# [Task]
Copy, word for word, the lines below from the one containing "De molen is" up to and including the one containing "ύψους 0,28 εκ.", with pictures left out.

# [Listed records]
________________

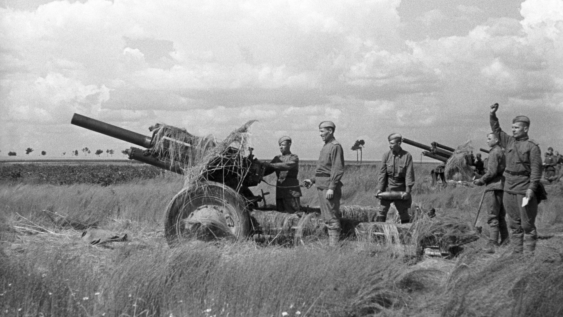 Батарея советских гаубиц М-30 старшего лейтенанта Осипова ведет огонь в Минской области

________________

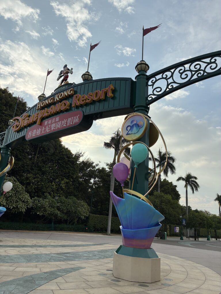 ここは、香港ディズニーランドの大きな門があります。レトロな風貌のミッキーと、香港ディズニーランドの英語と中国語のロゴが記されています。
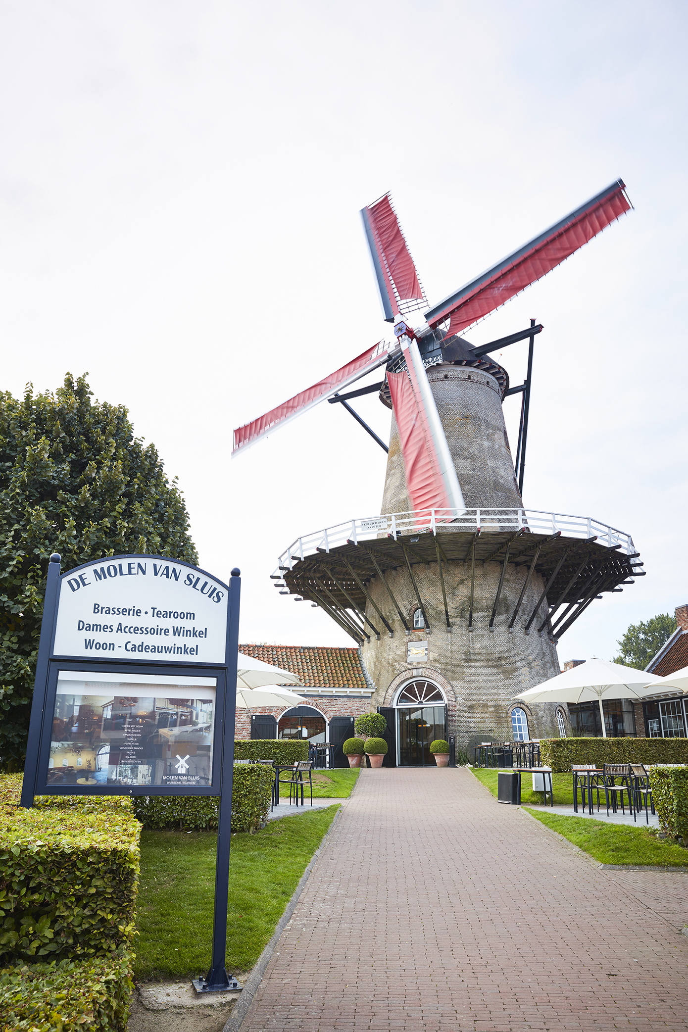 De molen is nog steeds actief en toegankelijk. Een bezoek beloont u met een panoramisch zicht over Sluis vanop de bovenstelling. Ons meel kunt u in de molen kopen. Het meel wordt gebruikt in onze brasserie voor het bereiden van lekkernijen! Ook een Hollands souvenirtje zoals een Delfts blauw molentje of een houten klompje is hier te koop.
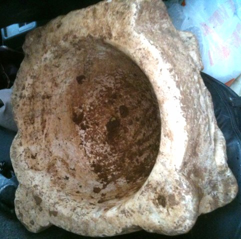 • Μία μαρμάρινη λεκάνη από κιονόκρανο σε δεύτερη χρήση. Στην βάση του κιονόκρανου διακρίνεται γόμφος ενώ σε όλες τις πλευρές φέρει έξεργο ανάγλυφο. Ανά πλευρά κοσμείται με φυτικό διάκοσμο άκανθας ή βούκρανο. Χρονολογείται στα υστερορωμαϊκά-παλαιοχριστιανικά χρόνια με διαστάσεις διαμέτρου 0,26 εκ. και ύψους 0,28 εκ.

________________

# [Answer to this task]
 De molen is nog steeds actief en toegankelijk. Een bezoek beloont u met een panoramisch zicht over Sluis vanop de bovenstelling. Ons meel kunt u in de molen kopen. Het meel wordt gebruikt in onze brasserie voor het bereiden van lekkernijen! Ook een Hollands souvenirtje zoals een Delfts blauw molentje of een houten klompje is hier te koop.
 • Μία μαρμάρινη λεκάνη από κιονόκρανο σε δεύτερη χρήση. Στην βάση του κιονόκρανου διακρίνεται γόμφος ενώ σε όλες τις πλευρές φέρει έξεργο ανάγλυφο. Ανά πλευρά κοσμείται με φυτικό διάκοσμο άκανθας ή βούκρανο. Χρονολογείται στα υστερορωμαϊκά-παλαιοχριστιανικά χρόνια με διαστάσεις διαμέτρου 0,26 εκ. και ύψους 0,28 εκ.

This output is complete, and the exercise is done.